### DATASET EXCERPTS
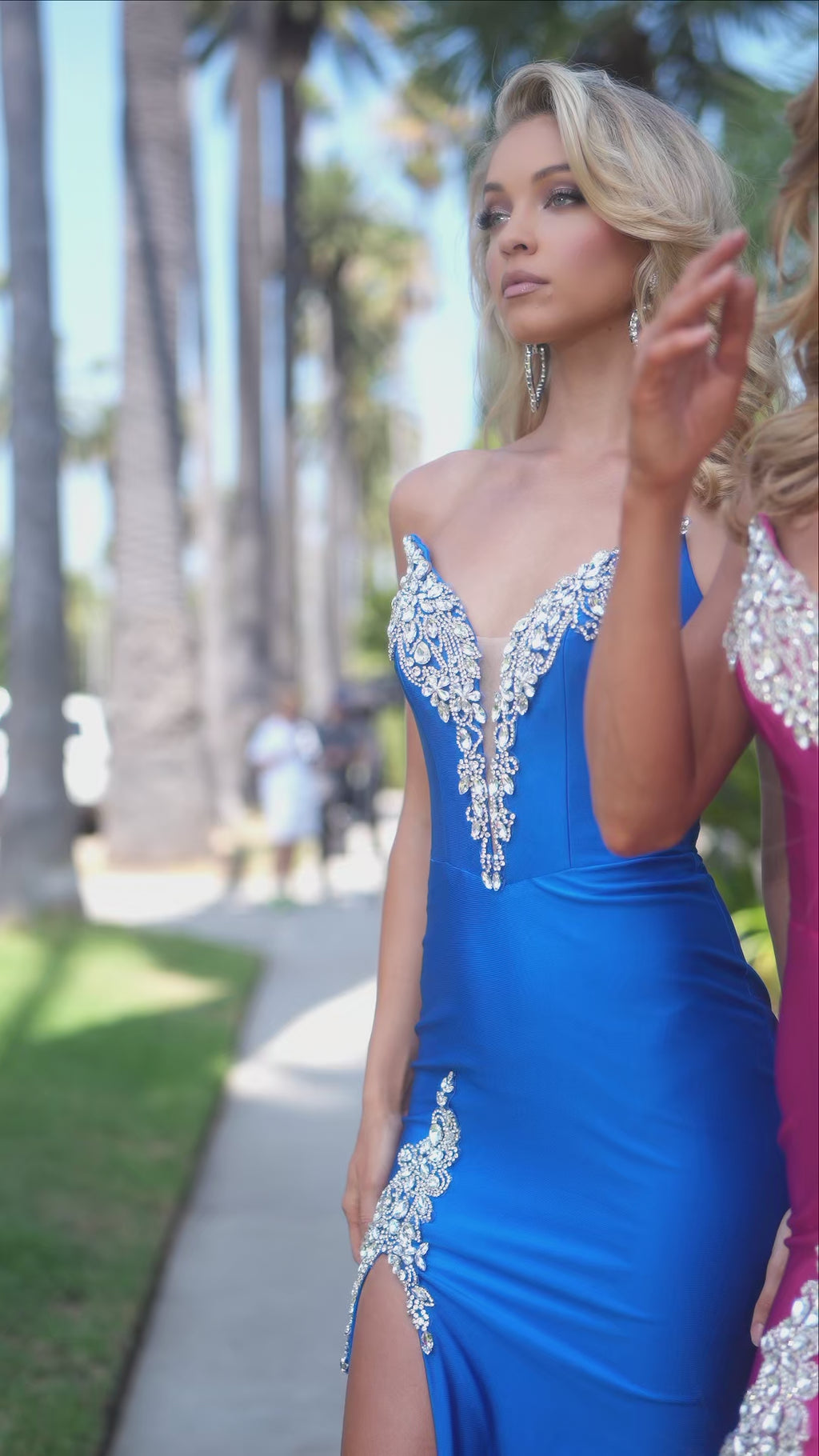 Exude radiance and glamour in the Portia & Scarlett PS25201 dress. This sophisticated, strapless column gown seamlessly combines elegance with allure. The V-neckline and figure-hugging silhouette highlight your curves, while intricate beadwork lends a touch of opulence. Featuring a bold thigh-high slit and dramatic train, this dress oozes sensuality, making it ideal for making a statement. Crafted from luxurious jersey fabric, the gown boasts a seamless zipper back for a flawless and flattering fit.
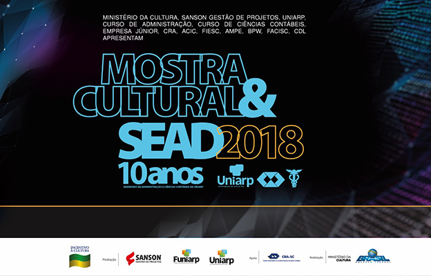 A 1ª Mostra Cultural e o SEAD 2018 estão com os ingressos esgotados. Os eventos acontecem de 19 a 21 de setembro no Teatro da UNIARP. O SEAD é um evento referência na região em função do alto nível dos palestrantes e atrações culturais. Tem a participação de acadêmicos, professores, colaboradores de empresas e líderes empresariais.
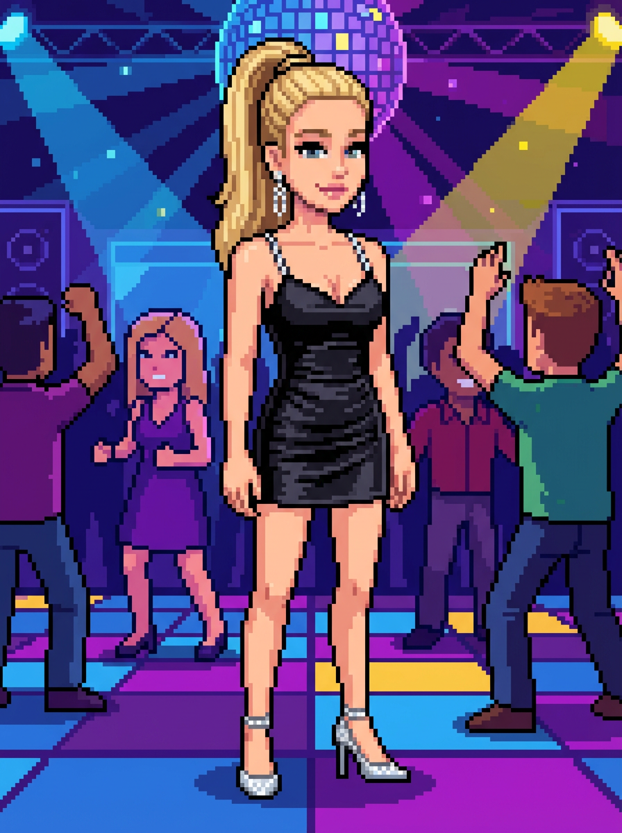 model as pixel art character in nightlife pixel style, at pixelated nightclub dance floor, wearing party pixel dress, heels, statement jewelry , disco pixel art lighting, retro club atmosphere
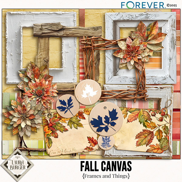Celebrate the beauty of autumn with the Fall Canvas Bundle, a cozy digital scrapbooking collection filled with rich seasonal colors and natural textures. This bundle includes canvas-inspired background papers, duos papers that you can use for double page layouts, and painterly grunge textured papers perfect for creating warm, rustic layouts, fall journals, and printable crafts.With shades of burnt orange, golden yellow, pink sherbert, warm lavender and soft greens with a bit of blue, this collection is ideal for Thanksgiving projects, autumn photo albums or mixed media art.Keywords: Forever, Forever Digital Art, Designs by Laura Burger, Fall Canvas Bundle, Fall digital scrapbooking kit, Autumn background papers, Autumn digital papers, Rustic fall scrapbook papers, Thanksgiving digital kit, cozy autumn scrapbook collection, acorn, brad, button, pumpkin, foliage, fall leaves, berries. Sunflower, flowers, journal, notebook, layered frames, wax seals, butterfly
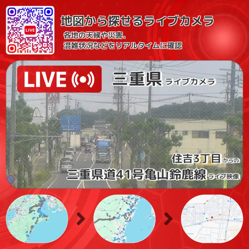 三重県道41号亀山鈴鹿線の他に、住吉三丁目交3差点や周辺の気象状況も併せてチェックすることが可能で、台風・大雨・地震などの災害による被害状況も把握することができます。
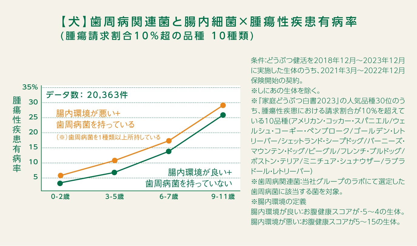アニコム損保の保険契約件数が多い上位30犬種のうち、腫瘍性疾患における請求割合が10%を越えている10犬種(アメリカン・コッカー・スパニエル、ウェルシュ・コーギー・ペンブローク、ゴールデン・レトリーバー、シェットランド・シープドッグ、バーニーズ・マウンテン・ドッグ、ビーグル、フレンチ・ブルドッグ、ボストン・テリア、ミニチュア・シュナウザー、ラブラドール・レトリーバー)の腸内環境の善悪および腸内における歯周病関連菌の有無と腫瘍性疾患の有病率の関係について調査したところ、どの年齢帯においても「腸内環境が悪い+歯周病菌を持っている群」は「腸内環境が良い+歯周病菌を持っていない群」に比べて、腫瘍性疾患の有病率が高いことが分かりました。

### AIM OF THE TASK
Please transcribe exactly the line containing "三重県道41号亀山鈴鹿線の他" and every later line through the end of the records above, omitting pictures.

### WRITTEN RESPONSE
 三重県道41号亀山鈴鹿線の他に、住吉三丁目交3差点や周辺の気象状況も併せてチェックすることが可能で、台風・大雨・地震などの災害による被害状況も把握することができます。
アニコム損保の保険契約件数が多い上位30犬種のうち、腫瘍性疾患における請求割合が10%を越えている10犬種(アメリカン・コッカー・スパニエル、ウェルシュ・コーギー・ペンブローク、ゴールデン・レトリーバー、シェットランド・シープドッグ、バーニーズ・マウンテン・ドッグ、ビーグル、フレンチ・ブルドッグ、ボストン・テリア、ミニチュア・シュナウザー、ラブラドール・レトリーバー)の腸内環境の善悪および腸内における歯周病関連菌の有無と腫瘍性疾患の有病率の関係について調査したところ、どの年齢帯においても「腸内環境が悪い+歯周病菌を持っている群」は「腸内環境が良い+歯周病菌を持っていない群」に比べて、腫瘍性疾患の有病率が高いことが分かりました。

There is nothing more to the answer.